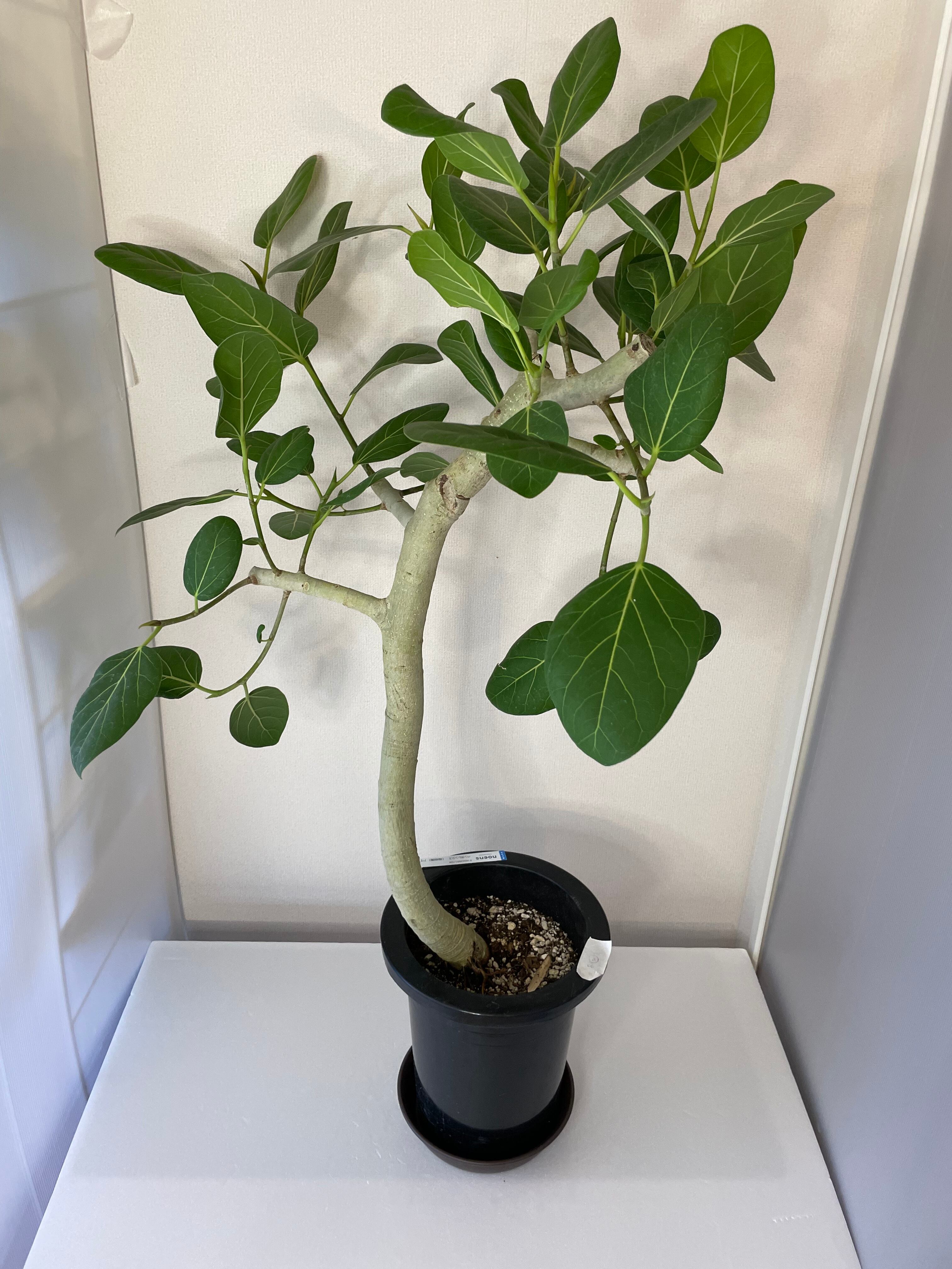 丸みを帯びたマットな質感で肉厚の葉、白い幹の美しさや個性的な幹のデザインから人気の観葉植物です。
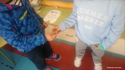 En la segunda lectura del cuento, yo me quedo en silencio y ellos son los que dicen gracias y de nada. Después por parejas hemos dado una galleta a nuestro compañero practicando: gracias y de nada.
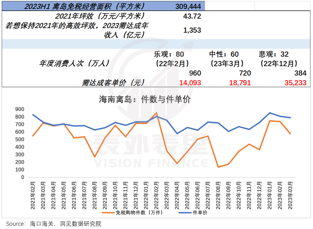 我们做了两个测算,如果中免想要以当下的经营面积维持2021年的高坪效,那么:
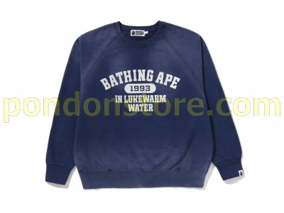 A BATHING APE : DESTROY WASHED EFFECT RELAXED FIT CREWNECK SWEATSHIRT navy
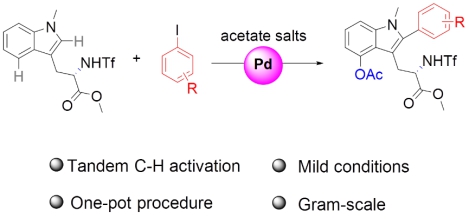 近日,研究团队以芳基碘及醋酸盐为修饰试剂,通过过渡金属钯催化的串联C-H活化实现了色氨酸衍生物C2-芳基化及C4-乙酰氧化。该修饰方法展示出较高的修饰效率及较广的底物适用性,可在克级规模下制备双功能化的非天然氨基酸前体,相关研究结果发表于《Organic Chemistry Frontiers》。论文第一作者为中山大学博士研究生刘家田,李坚博士为通讯作者,太阳成集团tyc33455cc为第一单位。
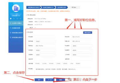 第四步:填写职位信息后点击【保存】,然后点击【下一步】
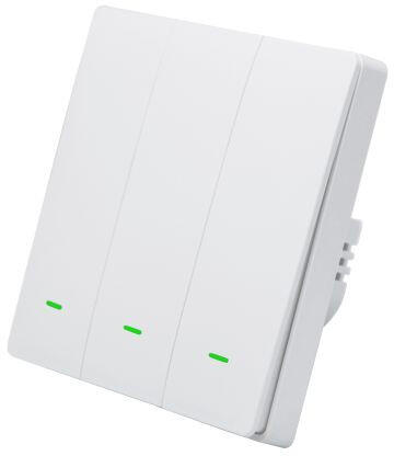 A SmartWise B6-UNI Wi-Fi-s okos villanykapcsoló termékcsalád a Sonoff és más eWeLink app-os eszközökkel kompatibilis, WiFi + eWeLink-Remote (Bluetooth) chip-el felszerelt okoskapcsolókat kínál, fizikai nyomógombos kivitelben. Univerzális termékverzió: fázis és nullavezetékkel, VAGY csak fázisvezetékkel is beköthető. Ez a 3 áramkörös verzió, fehér színű, fizikai nyomógombos előlappal.

#### Task statement:
For this task, give the full listing again verbatim and keep out every picture.

#### Response to this exercise:
 丸みを帯びたマットな質感で肉厚の葉、白い幹の美しさや個性的な幹のデザインから人気の観葉植物です。
 En la segunda lectura del cuento, yo me quedo en silencio y ellos son los que dicen gracias y de nada. Después por parejas hemos dado una galleta a nuestro compañero practicando: gracias y de nada.
 我们做了两个测算,如果中免想要以当下的经营面积维持2021年的高坪效,那么:
 A BATHING APE : DESTROY WASHED EFFECT RELAXED FIT CREWNECK SWEATSHIRT navy
 近日,研究团队以芳基碘及醋酸盐为修饰试剂,通过过渡金属钯催化的串联C-H活化实现了色氨酸衍生物C2-芳基化及C4-乙酰氧化。该修饰方法展示出较高的修饰效率及较广的底物适用性,可在克级规模下制备双功能化的非天然氨基酸前体,相关研究结果发表于《Organic Chemistry Frontiers》。论文第一作者为中山大学博士研究生刘家田,李坚博士为通讯作者,太阳成集团tyc33455cc为第一单位。
 第四步:填写职位信息后点击【保存】,然后点击【下一步】
 A SmartWise B6-UNI Wi-Fi-s okos villanykapcsoló termékcsalád a Sonoff és más eWeLink app-os eszközökkel kompatibilis, WiFi + eWeLink-Remote (Bluetooth) chip-el felszerelt okoskapcsolókat kínál, fizikai nyomógombos kivitelben. Univerzális termékverzió: fázis és nullavezetékkel, VAGY csak fázisvezetékkel is beköthető. Ez a 3 áramkörös verzió, fehér színű, fizikai nyomógombos előlappal.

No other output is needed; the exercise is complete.